On August 13, Evers formally requested Federal Emergency Management Agency (FEMA) assistance with a formal federal preliminary damage assessment, and he followed that up on August 27 with a request for a presidential disaster declaration. The Trump administration approved $29.8 million in disaster relief funds on September 12.
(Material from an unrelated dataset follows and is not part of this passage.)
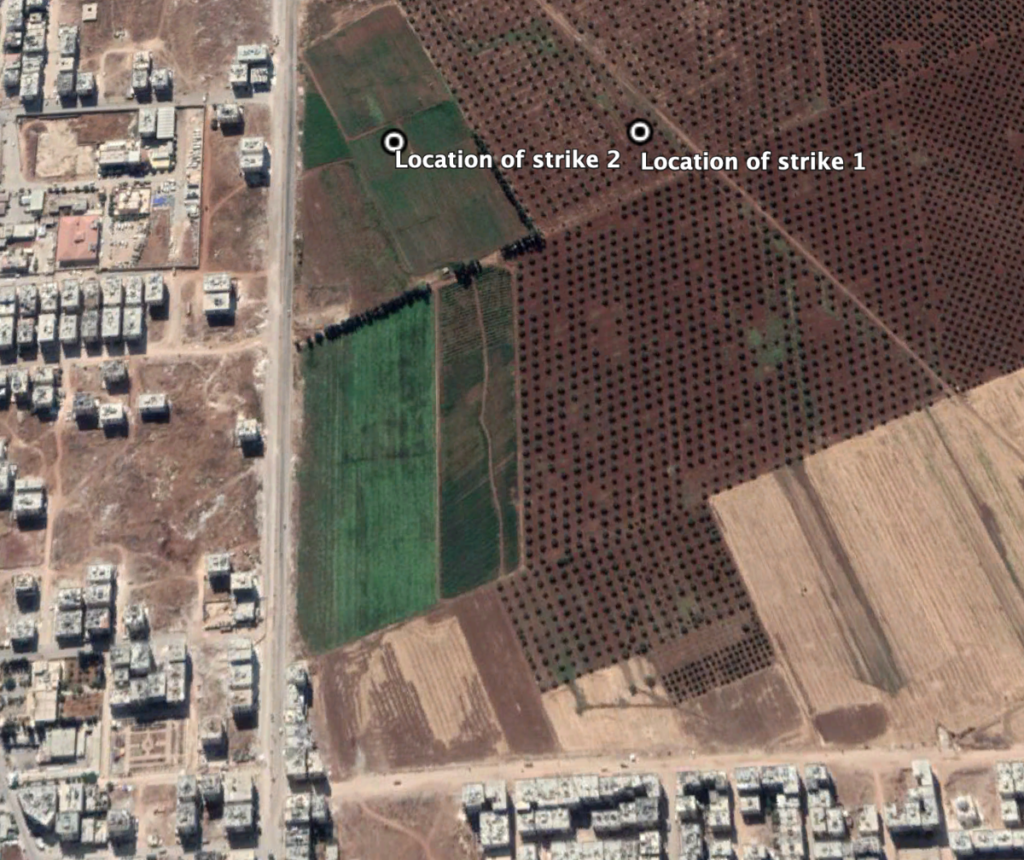 Reports of the incident mention the city of Afrin (عفرين). Analyzing audio-visual material from sources we have narrowed down the location to an area just west of the city, for which the exact coordinates are: 36.5112804, 36.851089.

However, the Trump administration denied a separate $26.5 million request for funds to address damage to public infrastructure in six Wisconsin counties (Door, Grant, Milwaukee, Ozaukee, Washington, and Waukesha), saying that it was "not warranted". They also denied the Wisconsin state government's formal appeal of that decision, causing Evers to ask the state's congressional representatives to use their influence to induce a reconsideration.

Wisconsin's governor Tony Evers and Milwaukee County's executive David Crowley criticized the decision to deny aid. Evers stated that "local governments are being asked to shoulder what the federal government has historically helped to bear, including infrastructure repairs, restoration of services, and mitigation work to protect residents from future harm. That should not be the experience of any state." Crowley opined that "communities rely on intergovernmental partnerships in times of crisis, and this decision by the Trump administration erodes that public trust." Milwaukee County estimated that the denial would cost them an $22 million in unreimbursed repairs to public infrastructure.

By October 10, nearly $92 million had been separately distributed through FEMA individual assistance claims and Small Business Administration loans. It was FEMA's second-most expensive disaster of the year, slotting in behind the January 2025 Southern California wildfires.

=== Rainfall amounts ===
Much of the area between Milwaukee and Waukesha received between 7 to 10 in, with cities and towns directly north and south of the city getting lower totals.

Some local totals were even higher, particularly on Milwaukee's northwest side and the suburbs beyond; the maximum amount of measured rainfall exceeded the amount of water that the city receives over the course of a typical summer. At the top of the list was the James Madison Academic Campus in northwestern Milwaukee, which saw 14.69 in of rain over a 48-hour period as measured by the Milwaukee Metropolitan Sewerage District. Of that rainfall, 14.55 in fell within 24 hours, primarily between 6 p.m. on August 9 and 3 a.m. on August 10. Scientists with Wisconsin's State Climate Extremes Committee later confirmed that the total recorded rainfall was a new statewide record for 24-hour precipitation.

As tabulated by the National Weather Service's Milwaukee office, official totals near or above 8 in included:
- 3 mi east of Pewaukee: 12.61 in
- Butler: 12.22 in
- Menomonee Falls: 12.05 in
- About 4 mi northwest of downtown Milwaukee: 11.71 in
- Brookfield: 11.26 in
- Bayside: 10.09 in
- Hartland: 9.75 in
- 2 mi miles southeast of Waukesha: 9.75 in
- Downtown Milwaukee: 9.34 in
- Port Washington: 9.19 in
- Oconomowoc Lake, Wisconsin: 9 in
- West Allis: 8.94 in
- Sussex: 8.92 in
- Greenfield: 8.77 in
- Brown Deer: 8.46 in
- River Hills: 8.40 in
- Glendale: 8.35 in
- Wauwatosa: 7.99 in

== Legacy ==
These flash floods represented a thousand-year flood for Milwaukee, which refers to an event that has a .1% chance to occur each year. The storm dumped the most recorded rain that Wisconsin had ever recorded in a 24-hour period, and it was the second-most rainfall Milwaukee had ever recorded in a 48-hour period. In a wider lens, the floods were the culmination of a long-term increasing precipitation trend in the southern half of Wisconsin—up 17% since 1950.

The National Weather Service committed to examining a decision to send a flash flood alert to cell phones in the region at about 1 am, which local meteorologists had criticized as being made too late.